• _Source data_:
■ ■ ■ ■ ■ ■ ■

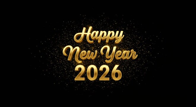 Happy new year 2026 text with sparkling glitter and confetti isolated on white background
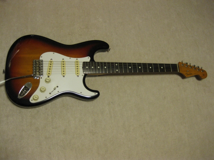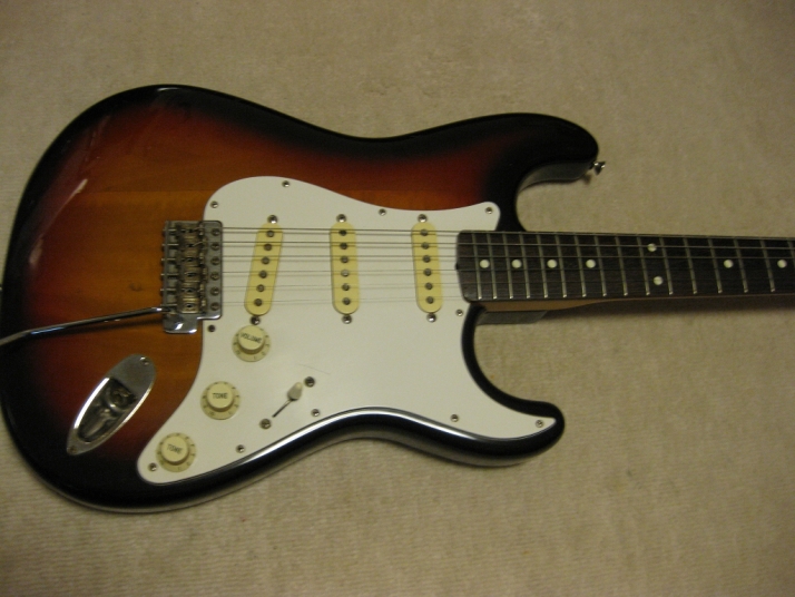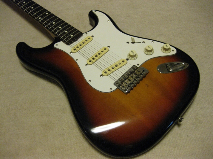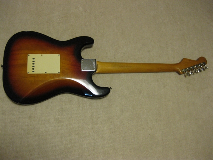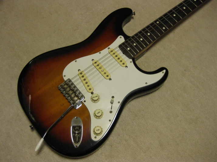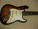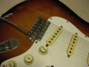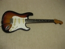 | Fender Japan ST62 Sunburst MIJ E serial This is a good condition of E serial. ST62. Of course, Fujigen made. The neck plate has the Fender Pressed mark. This is made by Fujigen. 23 years old guitar, anyway. The body should be basswood (I don't think this is alder) in 3P. The neck is 1P with rose. The weight is 3.7Kg. The neck is O.K., the frets are proper condition. The nut width is 42.6mm The outlook is generally good. On the top, there are small dents are. The electric circuits are probably original, I felt when I saw inside. PU is Fender Japan original (should be Gotoh made). The tone is typical strat sound. I feel it is clear tone. The guitar will be delivered with Soft carrying case (not original) If you are looking for High end Fender Japan, this is it. Well, Good guitar ! Find out the good JV guitar! |
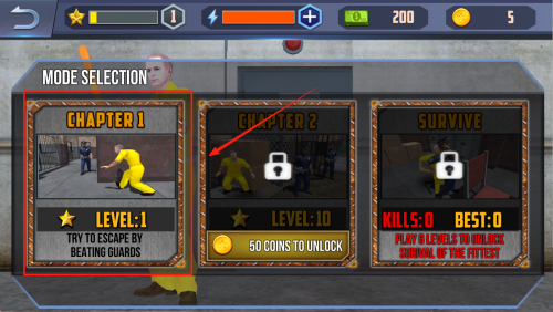 3、选择模式:进入“200 MODESELECTION CHAPTER1”界面,确认当前为第一章,点击“LEVEL:1”开始第一关。
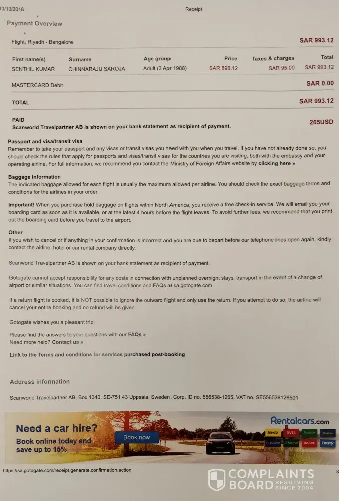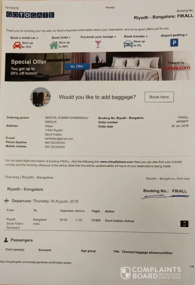 3. I was told by go to gate to purchase another case from blue air for my outbound journey thus incurring more cost even though i had been overcharged by go to gate and that go to gate would investigate how this error and overcharging came about

■ ■ ■ ■ ■ ■ ■

• _Goal of the exercise_: Please write every line above out exactly as given, except for any pictures.

• _Answer section_:
 Happy new year 2026 text with sparkling glitter and confetti isolated on white background
 | Fender Japan ST62 Sunburst MIJ E serial This is a good condition of E serial. ST62. Of course, Fujigen made. The neck plate has the Fender Pressed mark. This is made by Fujigen. 23 years old guitar, anyway. The body should be basswood (I don't think this is alder) in 3P. The neck is 1P with rose. The weight is 3.7Kg. The neck is O.K., the frets are proper condition. The nut width is 42.6mm The outlook is generally good. On the top, there are small dents are. The electric circuits are probably original, I felt when I saw inside. PU is Fender Japan original (should be Gotoh made). The tone is typical strat sound. I feel it is clear tone. The guitar will be delivered with Soft carrying case (not original) If you are looking for High end Fender Japan, this is it. Well, Good guitar ! Find out the good JV guitar! |
 3、选择模式:进入“200 MODESELECTION CHAPTER1”界面,确认当前为第一章,点击“LEVEL:1”开始第一关。
 3. I was told by go to gate to purchase another case from blue air for my outbound journey thus incurring more cost even though i had been overcharged by go to gate and that go to gate would investigate how this error and overcharging came about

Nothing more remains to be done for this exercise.